The field names that come to (my) mind are often quite generic, and, if used, would cause frequent name clashes. E.g., many structures probably contain a `counter` field. The structure names that come to (my) mind are often also the logical choice for the names of words that create such a structure.

Therefore, I have adopted the following naming conventions:

• The names of fields are of the form `struct-field`, where `struct` is the basic name of the structure, and `field` is the basic name of the field. You can think about field words as converting converts the (address of the) structure into the (address of the) field.
• The names of structures are of the form `struct%`, where `struct` is the basic name of the structure.
This naming convention does not work that well for fields of extended structures; e.g., the integer list structure has a field `intlist-int`, but has `list-next`, not `intlist-next`.

## Implementation

The central idea in the implementation is to pass the data about the structure being built on the stack, not in some global variable. Everything else falls into place naturally once this design decision is made.

The type description on the stack is of the form align size. Keeping the size on the top-of-stack makes dealing with arrays very simple.

`field` is a defining word that uses `create` and `does>`. The body of the field contains the offset of the field, and the normal `does>` action is

```@ +
```
i.e., add the offset to the address, giving the stack effect `addr1 -- addr2` for a field.

This simple structure is slightly complicated by the optimization for fields with offset 0, which requires a different `does>`-part (because we cannot rely on there being something on the stack if such a field is invoked during compilation). Therefore, we put the different `does>`-parts in separate words, and decide which one to invoke based on the offset.
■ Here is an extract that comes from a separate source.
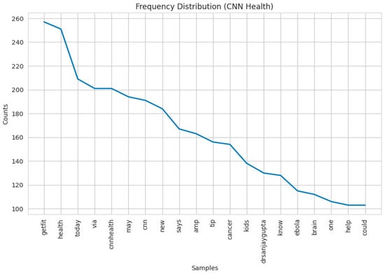 An analysis of the CNN dataset revealed a notable emphasis on general health research, studies, and lifestyle recommendations, with CNN branding prominently displayed (see Figure 4). The dataset encompasses topics related to weight loss, fitness, and health maintenance, frequently featuring insights from Dr. Sanjay Gupta and health tips from CNN. The analysis revealed that the dataset primarily focuses on medical disorders and health issues impacting women, children, and specific conditions such as cancer and heart disease. The topic of weight loss holds significant importance in the realm of health and fitness. Terms such as “weightloss,” “food,” “tip,” and “getfit” indicate that the emphasis should be on guidance related to nutrition, physical activity, and overall wellness.
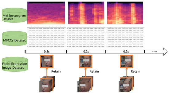 Facial emotions can be inferred from facial activity units in a single frame of an image; however, split-frame speech data are too short and insufficient to discern the emotion conveyed therein. In the field of speech signal processing, the signal features of speech are widely accepted to remain essentially in a quasi-steady state over a short time span. Given these features, the study matches the modal timing with the identical time principle, using Adobe Premiere Pro CC 2017 (version 11.0) to separate the sound and picture from the recorded video to obtain the time-synchronized silent video and audio files, and then divide the video and audio files into several 0.2-s segments, as shown in Figure 1.

For a zero offset, the field is basically a noop; it is immediate, and therefore no code is generated when it is compiled.

## Glossary

`%align ( align size -- )`
align the data space pointer to the alignment `align`.
`%alignment ( align size -- align )`
extract the alignment of a type descriptor.
`%alloc ( align size -- addr )`
allocate `size` address units with alignment `align`, giving a data block at `addr`; `throw`s an ior code if not successful.
`%allocate ( align size -- addr ior )`
allocate `size` address units with alignment `align`, similar to `allocate`.
`%allot ( align size -- addr )`
allot `size` address units of data space with alignment `align`; the resulting block of data is found at `addr`.
`cell% ( -- align size )`
`char% ( -- align size )`
`create-field ( align1 offset1 align size "name" -- align2 offset2 )`
`name` execution: `-- addr`

like `field`, but without the `does>`-part.

`dfloat% ( -- align size )`
`double% ( -- align size )`
`end-struct ( align size "name" -- )`
`name` execution: `-- align size2`

`size2` is `size` aligned with `align`; this ensures that all elements of an array of `name` elements have alignment `align`.

`field ( align1 offset1 align size "name" -- align2 offset2 )`
`name` execution: `addr1 -- addr1+offset1`

create a field `name` with offset `offset1`, and the type given by `size align`. `offset2` is the offset of the next field, and `align2` is the alignment of all fields.

`float% ( -- align size )`
`nalign ( addr1 n -- addr2 )`
`addr2` is the aligned version of `addr1` wrt the alignment `n`.
`%size ( align size -- size )`
extract the size of a type descriptor.
`sfloat% ( -- align size )`
`struct ( -- align size )`
an empty structure, used to start a structure definition.

## References

[ertl89] M. Anton Ertl.
GRAY - ein Generator f\"ur rekursiv absteigende Ybersetzer. Praktikum, Institut f\"ur Computersprachen, Technische Universit\"at Wien, 1989. In German.
[ertl97] M. Anton Ertl.
GRAY - ein Generator f\"ur rekursiv absteigende Ybersetzer. In Forth-Tagung, Ludwigshafen, 1997. In German.
[wirth88] Niklaus Wirth.
From Modula to Oberon. Software--Practice and Experience, 18 no. 7 pp. 661-670, July 1988.